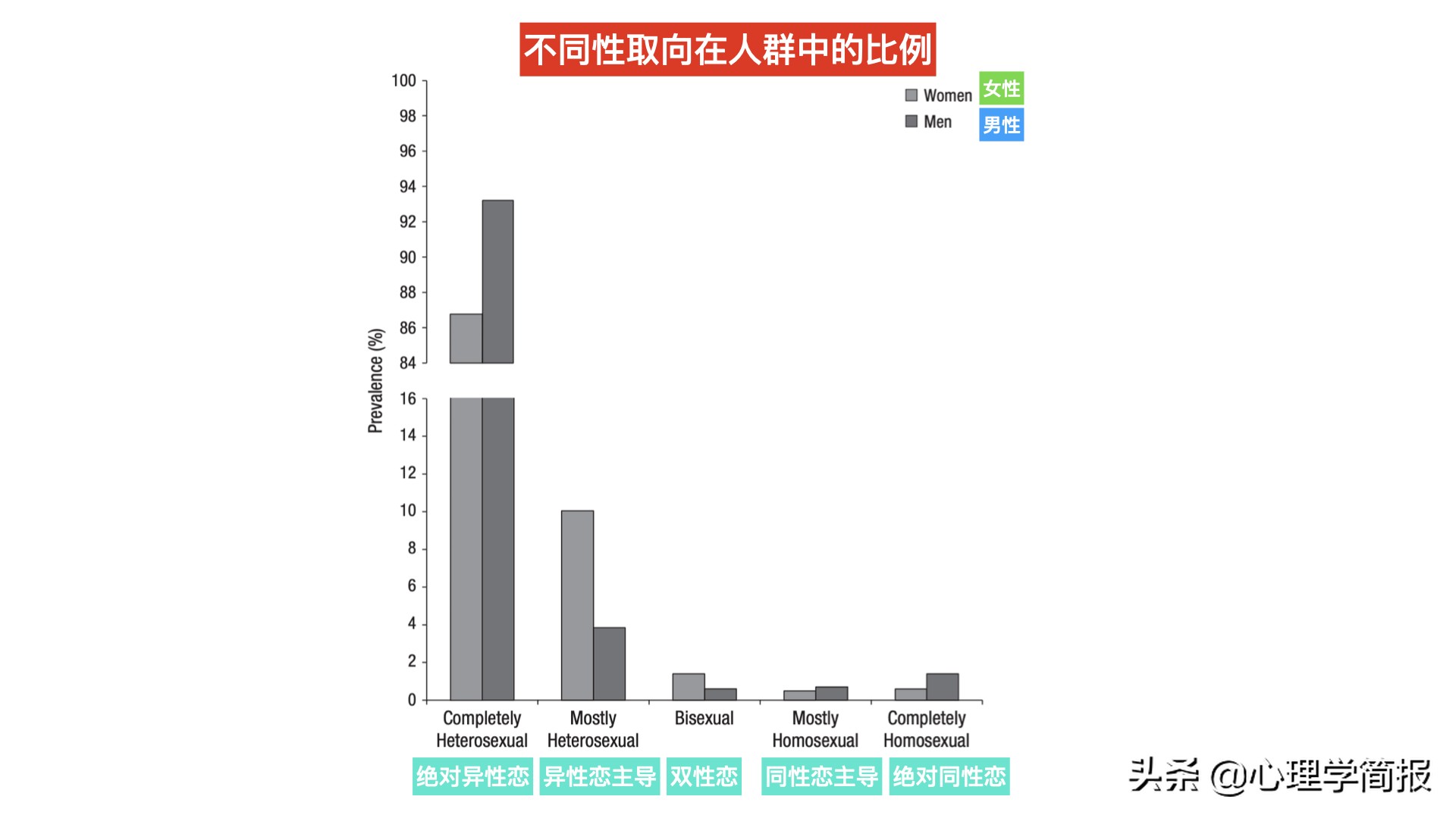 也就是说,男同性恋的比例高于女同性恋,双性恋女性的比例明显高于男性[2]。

==

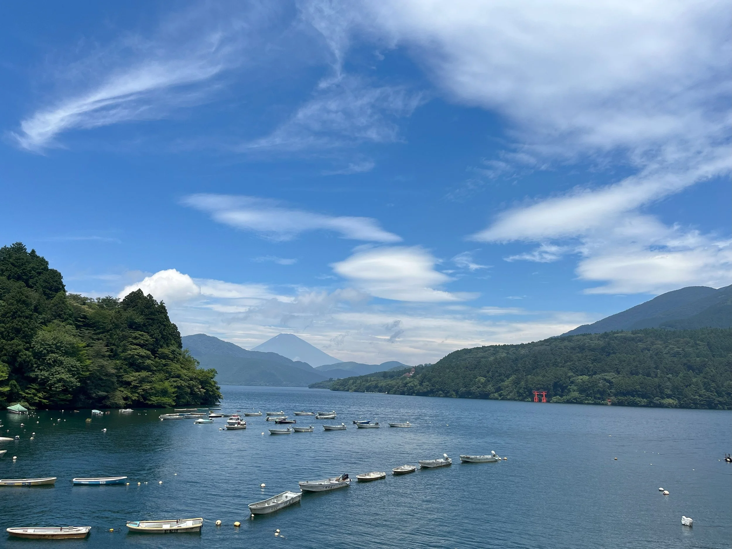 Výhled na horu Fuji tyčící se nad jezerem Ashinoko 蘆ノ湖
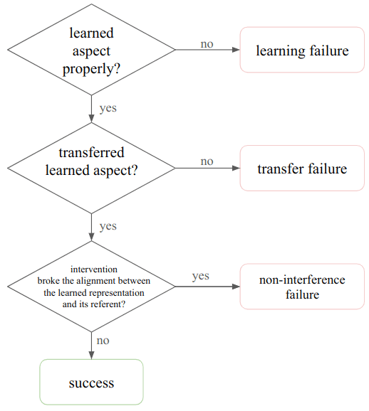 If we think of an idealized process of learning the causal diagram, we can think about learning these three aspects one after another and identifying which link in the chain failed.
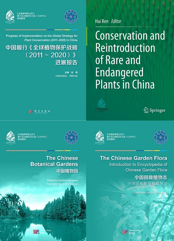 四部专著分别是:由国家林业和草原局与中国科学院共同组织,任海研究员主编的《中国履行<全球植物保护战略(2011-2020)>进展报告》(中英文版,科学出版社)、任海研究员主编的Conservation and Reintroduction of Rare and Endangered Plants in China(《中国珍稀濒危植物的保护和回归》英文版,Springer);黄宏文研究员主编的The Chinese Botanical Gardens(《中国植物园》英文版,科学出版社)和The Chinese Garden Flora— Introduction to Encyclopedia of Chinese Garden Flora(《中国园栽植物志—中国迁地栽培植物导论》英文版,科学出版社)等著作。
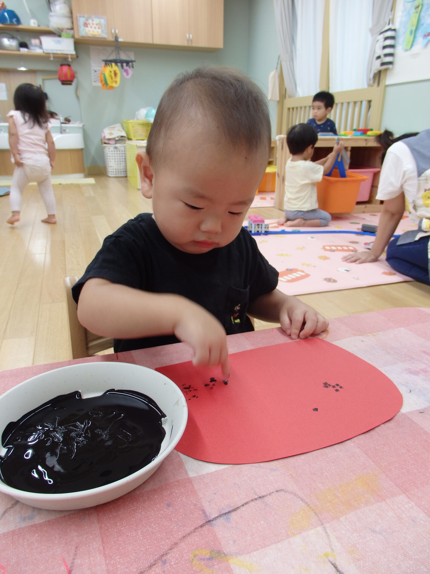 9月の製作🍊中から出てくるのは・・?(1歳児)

TASK TO COMPLETE:
In the records above, find the line with "Výhled na horu". Print exactly from there through the line with "If we think", minus the pictures.

EXERCISE RESULT:
 Výhled na horu Fuji tyčící se nad jezerem Ashinoko 蘆ノ湖
 If we think of an idealized process of learning the causal diagram, we can think about learning these three aspects one after another and identifying which link in the chain failed.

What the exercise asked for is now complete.